A unique case of Lemierre’s syndrome status post blunt cervical trauma

Introduction/background

Andre Lemierre first described this rare but potentially fatal condition in 1936. ¹ It is a rare but potentially fatal condition usually affecting young, healthy adults with an incidence of approximately 3.6 per million per year. ² The clinical course is usually characterized by acute tonsillopharyngitis, bacteremia, internal jugular vein (IJV) thrombosis, and septic embolization with the most common clinical presentation starting with sore throat and fever, followed by neck pain and mass/swelling.

Lemierre’s syndrome (LS), as stated above, usually develops as a complication of oropharyngeal infection, which progresses to a peritonsillar abscess. About one-third of the patients either have a polymicrobial bacteremia with anaerobic streptococci and other Gram-negative anaerobes.^3,4 The most common causative microbiologic agent is Fusobacterium necrophorum, ¹ which is a nonmotile sporulating Gram-negative anaerobe that is a part of the normal oral flora. Fusobacterium necrophorum produces lipopolysaccharide endotoxin, leucocidin, and hemolysin, which lead to white and red blood cell destruction causing hemagglutinin production. This cascade augments the fulminant nature of this pathologic process causing further platelet aggregation and septic thrombus formation. ⁵

As the major vessels of the neck are in close proximity to the lateral pharyngeal space, this allows for extension from the peritonsillar space to the IJV via local invasion, either from tonsillar veins or via lymphatic channels, causing infection and thrombosis. ⁶ If left unchecked, the bacterial infection then may spread hematologically, leading to further systemic complications such as meningitis (3%), disseminated intravascular coagulation (DIC) (3–9%), jaundice (11–49%), and septic emboli with metastatic abscesses in lungs (79–100%), joints causing osteomyelitis or septic arthritis (13–27%), central nervous system (CNS), liver, heart (pericardium or endocardium), spleen, and kidneys. These sequelae cause significant morbidity leading to prolonged hospitalization and mortality rates up to 5–18%. ⁷

Definitive diagnosis may be obtained using contrast-enhanced computerized tomography (CT), which may confirm the presence of dilated veins with contrast enhancing walls, filling defects within the lumen, associated abscesses, and edema of surrounding soft tissues.^4,7 Ultrasound (US) can be an adjunct to identify IJV thrombosis with localized echogenic regions within a dilated vessel. ⁴ Staples of therapy involve targeted antimicrobials and surgical intervention involving ligation or excision of IJV with drainage and/or debridement in those who fail to respond to antibiotics. ⁸

As stated above, most cases are secondary to oropharyngeal infections. There have been some case reports of penetrating trauma to the neck that have been associated with this etiology. ⁹ However, literature review has yielded no other cases secondary to blunt neck trauma in the abscess of concomitant oropharyngeal injury. The purpose of this case report is to shed light on this unique cause of Lemierre’s syndrome, so as to raise the index of suspicion for clinicians evaluating patients with recent blunt cervical trauma.

Clinical presentation

We present a case of a 25-year-old male who developed LS secondary to blunt injury from seatbelt after a motor vehicle collision (MVC). This was a restrained driver who presented with left neck and shoulder pain with a 6-cm superficial abrasion to the left neck from the seatbelt. The patient was initially evaluated by the Emergency Room physicians and was discharged later that day without a surgical/trauma team evaluation.

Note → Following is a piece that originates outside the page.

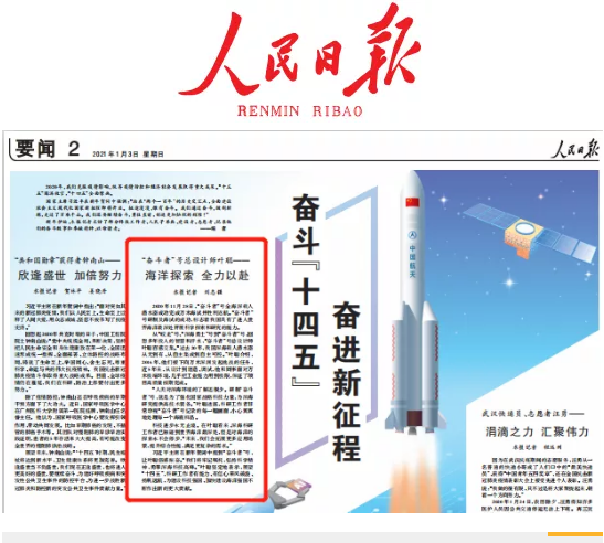 1月3日,人民日?qǐng)?bào)在要聞二版【奮斗“十四五” 奮進(jìn)新征程】專題報(bào)道中,以“海洋探索 全力以赴”為題刊發(fā)了對(duì)中國(guó)船舶集團(tuán)七〇二所副所長(zhǎng)“奮斗者”號(hào)總設(shè)計(jì)師葉聰?shù)膶TL。

The patient returned to the hospital two days later with vague abdominal pain. His initial evaluation including chemistry, complete blood count, vitals, and abdominal CT were negative. At that time, a set of blood cultures were sent. He was sent home later that day. The patient was called at home one day later as preliminary blood cultures were positive for Gram positive cocci and Gram negative anaerobes. On arrival to the ED, he endorsed persistent left neck pain, fever, malaise, anorexia, and odynophagia. He was found to be febrile to 104 F, tachycardic to 130 beats per minute, and was diaphoretic. Physical exam was notable for left neck abrasion with induration and tenderness. Laboratory analysis yielded a white blood cell count of 16.7 × 10³/mm³, platelet count of 38,000/µL, and international normalized ratio (INR) of 2.6.

A contrast-enhanced CT scan of the neck revealed extensive occlusive left IJV thrombosis with irregular multilocular fluid collections concerning for abscesses (most prominent of which measured 2.9 × 2.3 × 4.5 cm), and extensive superficial and deep left anterior neck stranding underlying the sternocleidomastoid muscle (SCM) all of which concerning for septic thrombophlebitis (Figure 1). Venous duplex showed a partial thrombosis of the left IJV.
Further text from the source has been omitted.